Things themselves should lead to the science of them. If things are not interesting in themselves, how can any amount of knowledge about them be? To be sure, there is such a thing as a purely or abstractly intellectual interest—the pleasure of the mere operation of the intellect upon the signs of things; but this must spring from a highly exercised intellectual condition, and is not to be expected before the pleasures of intellectual motion have been experienced through the employment of its means for other ends. Whether this is a higher condition or not, is open to much disquisition.


One day Hugh was purposely engaged in taking the altitude of the highest turret of the house, with an old quadrant he had found in the library, when Harry came up.


"What are you doing, big brother?" said he; for now that he was quite at home with Hugh, there was a wonderful mixture of familiarity and respect in him, that was quite bewitching.


"Finding out how high your house is, little brother," answered Hugh.


"How can you do it with that thing? Will it measure the height of other things besides the house?"


"Yes, the height of a mountain, or anything you like."


"Do show me how."


Hugh showed him as much of it as he could.


"But I don't understand it."


"Oh! that is quite another thing. To do that, you must learn a great many things—Euclid to begin with."


That very afternoon Harry began Euclid, and soon found quite enough of interest on the road to the quadrant, to prevent him from feeling any tediousness in its length.

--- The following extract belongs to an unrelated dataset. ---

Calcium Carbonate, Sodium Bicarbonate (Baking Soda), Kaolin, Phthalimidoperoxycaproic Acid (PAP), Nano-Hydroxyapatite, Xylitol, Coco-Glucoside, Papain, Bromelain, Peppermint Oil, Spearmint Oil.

Of an afternoon Hugh had taken to reading Shakspere to Harry. Euphra was always a listener. On one occasion Harry said:


"I am so sorry, Mr. Sutherland, but I don't understand the half of it. Sometimes when Euphra and you are laughing,—and sometimes when Euphra is crying," added he, looking at her slyly, "I can't understand what it is all about. Am I so very stupid, Mr. Sutherland?" And he almost cried himself.

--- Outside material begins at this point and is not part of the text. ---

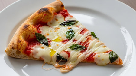A delicious slice of pizza on a white plate with melted cheese and basil leaves

"Not a bit of it, Harry, my boy; only you must learn a great many other things first."


"How can I learn them? I am willing to learn anything. I don't find it tire me now as it used."


"There are many things necessary to understand Shakspere that I cannot teach you, and that some people never learn. Most of them will come of themselves. But of one thing you may be sure, Harry, that if you learn anything, whatever it be, you are so far nearer to understanding Shakspere."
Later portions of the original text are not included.